> WHAT TO WORK ON: From the entries underneath, give the number of lines holding the word "However", without any other words.

> SUPPLIED ENTRIES:
>>>>
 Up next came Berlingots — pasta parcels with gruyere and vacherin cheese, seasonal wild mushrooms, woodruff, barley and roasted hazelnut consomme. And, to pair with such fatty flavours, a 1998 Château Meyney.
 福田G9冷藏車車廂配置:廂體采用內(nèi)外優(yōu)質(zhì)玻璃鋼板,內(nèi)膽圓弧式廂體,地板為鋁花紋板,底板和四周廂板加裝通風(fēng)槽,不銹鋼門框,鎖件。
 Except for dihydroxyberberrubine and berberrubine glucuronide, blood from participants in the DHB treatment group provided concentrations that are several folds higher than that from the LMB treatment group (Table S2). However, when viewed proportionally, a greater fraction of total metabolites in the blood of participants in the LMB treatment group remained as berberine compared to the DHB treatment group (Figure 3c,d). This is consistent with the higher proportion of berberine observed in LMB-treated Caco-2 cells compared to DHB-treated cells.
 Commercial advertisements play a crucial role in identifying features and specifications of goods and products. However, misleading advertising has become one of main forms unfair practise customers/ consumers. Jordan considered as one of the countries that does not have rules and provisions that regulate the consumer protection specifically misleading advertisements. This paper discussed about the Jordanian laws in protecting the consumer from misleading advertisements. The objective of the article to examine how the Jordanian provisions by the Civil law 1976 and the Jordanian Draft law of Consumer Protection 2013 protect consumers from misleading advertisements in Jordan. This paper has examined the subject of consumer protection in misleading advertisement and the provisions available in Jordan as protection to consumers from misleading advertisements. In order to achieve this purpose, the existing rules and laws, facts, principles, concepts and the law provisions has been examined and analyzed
<<<<
>>>>
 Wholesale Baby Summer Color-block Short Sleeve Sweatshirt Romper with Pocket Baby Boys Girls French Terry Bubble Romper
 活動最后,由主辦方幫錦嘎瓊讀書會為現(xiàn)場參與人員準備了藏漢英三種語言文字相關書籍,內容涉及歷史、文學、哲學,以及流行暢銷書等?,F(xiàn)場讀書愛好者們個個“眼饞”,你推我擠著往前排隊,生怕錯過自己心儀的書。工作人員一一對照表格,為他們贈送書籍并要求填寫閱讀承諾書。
<<<<
> FINISHED EXERCISE: 2